Hello, darklings!
Nanowrimo is complete, and I wanted to share two things I super love when I go into nanowrimo with a fresh idea:
World Building and Rough Drafting.
I adore world building. I love to immerse my imagination in new environments and strange, new worlds. I love seeing them in movies, playing through them in video games, reading about them, and I love creating them.
I love how fantasy worlds lets us create new peoples and cultures. I enjoy thinking how certain species would adapt to their biomes. I like the challenge of figuring out interactions, governments, food chains, environmental challenges, and more. This stuff makes me giddy to create.
I could go on and on about things I do to create worlds, but I’ll spare it for other posts that deal with just that subject. Just know that to make a convincing world, people, and/or species, your best bet is to study some biology, geography, and history. National Geographic is great for all of this. Nature documentaries, too. Absorb other people’s created worlds. The Hobbit and Lord of the Rings, the Dark Crystal, Star Wars, Star Trek, Subnautica, DnD, Witcher, and just anything you can get your hands on will help you expand your imagination to new horizons and ideas.
I love the puzzling of making things work. What can be believable while being fantastical? What can pull my readers into an adventure that transport them to a new place entirely? What problems can I create for my characters in this setting?
Just adore it to pieces. When it comes down to the sitting and writing part, the rough draft is definitely my favorite.

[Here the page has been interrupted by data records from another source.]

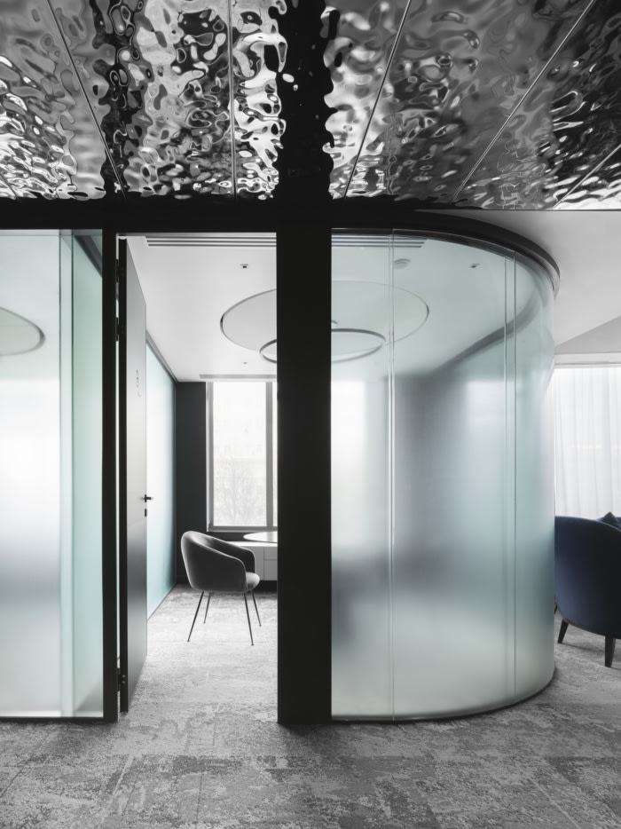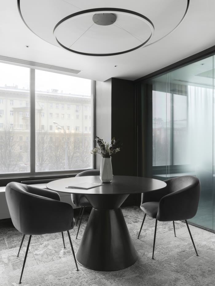 照明始终保持对眼睛友好:独特的筒灯概念使光源几乎察觉不到,在会议室,客户可以通过应用程序控制光氛围。
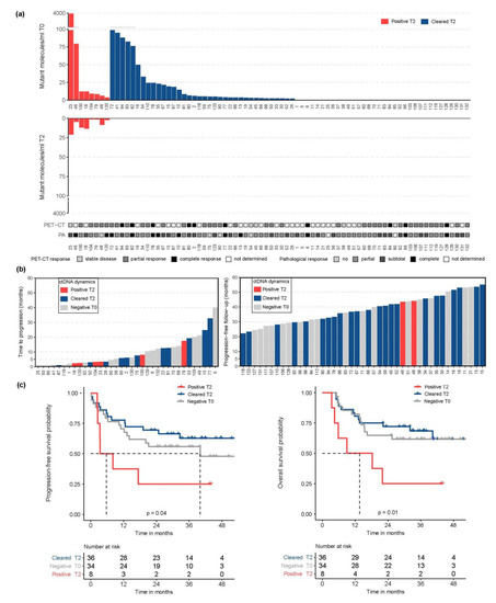 ctDNA dynamics and survival analysis: (a) ctDNA levels pre-CRT (T0) and preoperative (T2) combined with PET-CT response measurements and pathological response evaluation in grey. Patients are sorted according to ctDNA levels at T0 and presence of ctDNA at T2; (b) the time to progression (left panel) and progression-free follow-up (right panel); and (c) Kaplan-Meier analysis of progression-free survival and overall survival dividing patients according to ctDNA dynamics. Red ctDNA detected T0 and T2 (=positive T2); blue ctDNA detected T0, but not T2 (=cleared T2); grey ctDNA not detected T0 and T2 (=negative T0). Positron emission tomography-computed tomography (PET-CT), circulating tumor DNA (ctDNA).
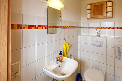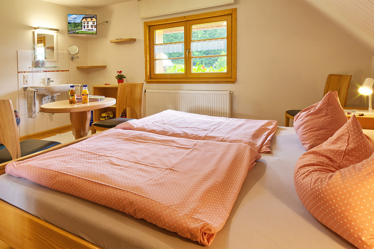 In unserer geräumigen Ferienwohnung stehen zwei Schlafzimmer zur Verfügung. Eines davon ist mit Doppelbett, Couch, Tisch, Sat-TV und Waschbecken ausgestattet, das zweite Schlafzimmer mit zwei Einzelbetten, Tisch und Waschbecken.
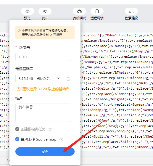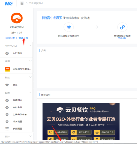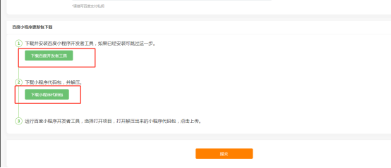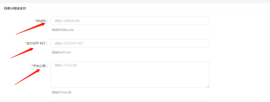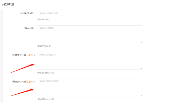进入百度小程序后台 点击开发管理->设置->开发设置  复制后分别填写到餐饮端后台  点击运营中心->支付管理->支付设置  复制后分别填写到餐饮端后台  下载openssl https://www.openssl.org/source/ 安装后打开  输入genrsa -out rsa_private_key.pem 1024 回车 再输入 rsa -in rsa_private_key.pem -pubout -out rsa_public_key.pem 回车 Openssl运行目录下会生成两个文件  打开rsa_pubilc_key.pem文件 复制中间内容 头尾不要   复制到开发者公钥提交保存  支付回调地址: https://www.b-ke.cn/addons/bk_cy/payment/wechat/baidunotify.php?uniacid=3 退款回调地址: https://www.b-ke.cn/addons/bk_cy/payment/wechat/baidurefundnotify.php?uniacid=3 退款审核地址 https://www.b-ke.cn/addons/bk_cy/payment/wechat/baidurefundnotify.php?uniacid=3 打开刚刚生成的两个文件 复制rsa_pubilc_key.pem 全部内容到百度支付公钥 复制rsa_private_key.pem 全部内容到百度支付私钥  然后添加后台域名和定位域名apis.map.qq.com   下载百度开发者工具安装 再下载百度安装包,然后解压  打开开发者工具,点击导入项目 项目名称填下,项目目录选择yb_yc目录即可  Appid复制百度小程序的appid  打开之后,点击  搜索Siteroot 更换域名和uniacid  网址替换成自己的网址 uniacid填写未来鸟引擎后台的uniacid 鼠标放在管理设置会显示   提交审核即可
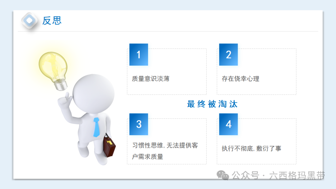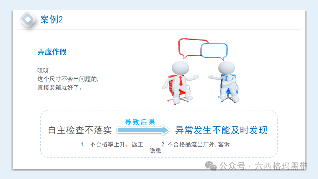 让我们来看一些质量意识缺乏的案例。案例1、案例2、案例3、案例4和案例5,这些案例都反映了我们在工作中可能遇到的一些问题。比如,小小的错误被忽视,最终导致小事变大事;原物料屡屡领错,反映出我们的管理存在漏洞;对工作要求理解不清,盲目操作,等等。这些案例给我们敲响了警钟,我们必须从中吸取教训,避免类似问题的发生。
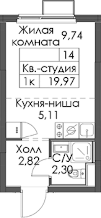 Квартира-студия на 14-ом этаже 19,97 кв.м

Now, it’s not my favorite part to read, because of all the glaring errors, but it’s the stage or story writing where it is pure muse-dom and idea rambling. I get some great nuggets by getting out of my own way and just writing. There’s no stress for perfection. I don’t have to reread something ten times to figure out how I need to fix it. There’s just blank pages and notes and worlds of possibilities for how this new writing journey is going to surprise me.
Mind you, rough drafting is still work! It’s simply much easier work for me than trying to make the puzzle pieces fit. While not effortless, it takes less effort for me than organizing, trimming, adding to different pages, or hunting on the Word Hippo site for just the right word to use. Admittedly, most of the time, my first draft is so messy it gets a complete rewrite.
But it doesn’t change my love for this stage where, sometimes, I’m just as curious what will happen to the characters as any reader would be.
Stay safe and warm, my little crowlings, and build some worlds.